# GRASS logiciel SIG



## richi (27 Janvier 2005)

bonjour,

Je cherche à installer le logiciel GRASS (http://wwwamb.bologna.enea.it/forgrass/)

Je débute dans l'open source et je n'arrive pas à l'installer. J'ai pourtant X11 pour OSX 10.2 mais lorsque j'ai lançé l'installation du pkg des librairies de GRASS je n'ai pas pus choisir le répertoire d'installation. 

Elle doivent pourtant être installer dans /usr/local/grasslib folder. d'ailleurs je ne trouve pas ce chemin sur mon disque où usr doit être le nom de mon profil ?

Je ne retrouve pas de trace des librairies que j'ai installées

Lorsque j'ai tenté d'installer la suite de l'application, celle-ci s'est arrétée en me disant erreur d'installation.

quelqu'un aurait-il une solution pour me dépanner dans cette installation ? Je n'en peux plus 

@+ et merci d'avance


----------



## Delphine (27 Janvier 2005)

tu as pris la version complete dmg ?


----------



## richi (27 Janvier 2005)

Oui sur le site du lien du premier message.


----------



## Thierry6 (27 Janvier 2005)

j'imagine que comme c'est compilé pour OSX, c'est fait pour installer ce qu'il faut là où il le faut.

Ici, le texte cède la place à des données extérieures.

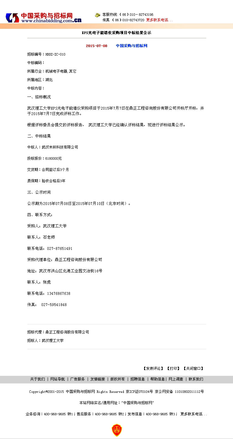 XPS光電子能譜儀采購項目中標結果公示

tu ne vois pas /usr car c'est un répertoire caché, si tu ouvres le terminal et tapes
ls /usr/local
tu verras si ton répertoire existe.
sinon, je ne connais pas grass donc ne peux trop t'aider : il semble y avoir pas mal de fichiers à installer, les as tu bien tous installés  ?


----------



## richi (27 Janvier 2005)

[cqkjcbqkjcbk:~] riri% ls /usr/local
bin       grasslib  include   lib       man

comme quoi je ne savais pas me servir du terminal. Voici ce qu'il me renvoi. J'imagine donc que les librairies de Grass ont été installées. Correctement maintenant je ne sais pais 

Il y a des choses particulières à faire avec X11 lors de l'installation ou non ?


----------



## Thierry6 (27 Janvier 2005)

X11, non je ne pense pas
quelque part, ils disent qu'il faut 10.2.8, as -tu bien .8 ?


----------



## richi (27 Janvier 2005)

Oui j'ai bien OSX 10.2.8, mais pour X11 il parle également de XFree


SYSTEM REQUIRED

- Mac OS X 10.2.8 and later with last security update
- X11 - XWindows system -  FREE from APPLE
    For 10.2.x ----->>>  Install X11 from Apple (XFree version 4.2.1)
    For 10.3.x ----->>>  Install X11 from Apple (or in your CD System - XFree version 4.3)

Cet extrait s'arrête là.